Centre / surrounds make their biggest output when the centre is stimulated, and the surround is inhibited, like on bright points of light in the dark, like stars at night. Colour versions ought to provide their biggest outputs on round things that contrast with their background, like berries or fruits. Or maybe larger round things like flowers or rocks. Or maybe almost round things like insects or fish. Or maybe distant almost round things like birds in the sky. Then, also, large receptive fields could trigger on partially round things, like rounded corners or fingertips.
So maybe there's not really a curve detector in a brain at all? Maybe curves are detected by partial outputs from the centres of large receptive fields. If it contrasted enough, a semicircle in the centre of a receptive field would cause a positive signal. If the brain knows, 'hey, that positive signal came from a big receptive field', then it could assume that a curved thing is in the field, with its size relative to the receptive field size.

Centres Can Be Corners

Centre/surround receptive fields can detect corners!
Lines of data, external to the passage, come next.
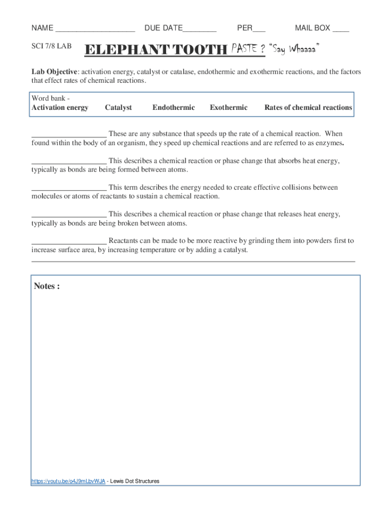 SCI 7/8 ABDUL DATE___PER___MAIL BOX ___ELEPHANT TOOTH PASTE ? Say WhaaaaLab Objective: activation energy, catalyst or catalase, endothermic and exothermic reactions, and the factors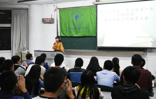 各个部门的部长依次上台为大家介绍了部门的干部、工作规划及自己对部门的期望与寄语。主席团的成员讲解了学生会的规章制度和工作中的注意事项,他们同时强调了内部建设的重要性,坚持“对内优质成长,对外优质服务”的工作原则,并对运动会的相关工作作了介绍与安排。最后,干事们也相互交流了自己加入部门后的感受,并表达了自己对未来的美好憧憬。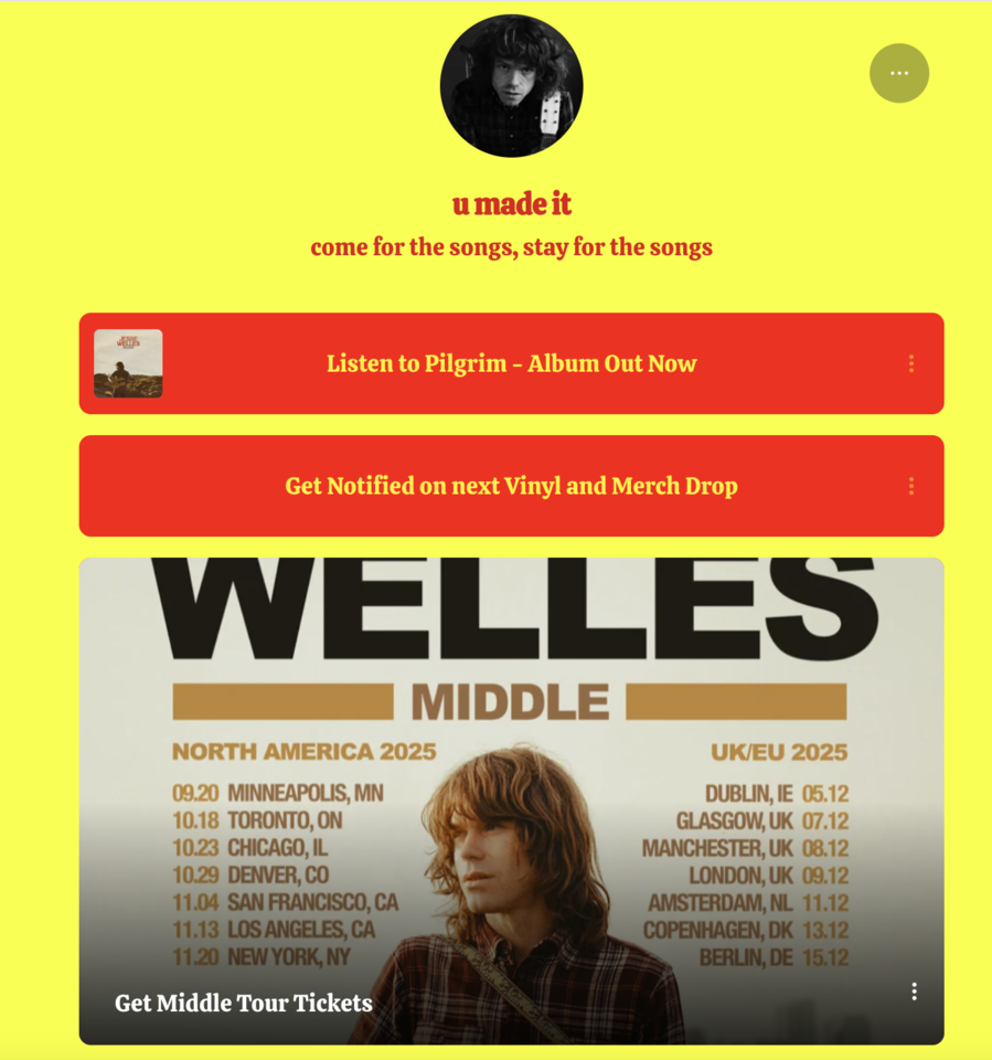 - Integrate your merch with the platforms fans already use, like Spotify, YouTube, and Instagram Shops, so they can discover your products where they’re already engaging with you.

Look at the diagrams: corners and angles produce stronger outputs than edges, but weaker than centre dots. If the next layer evaluates its input from receptive fields carefully (i.e. looks for values between edges and dots), it can inform its superiors that a corner is in its field. If that next layer is also getting input from edge detectors, one of these inputs can strengthen its corner detection.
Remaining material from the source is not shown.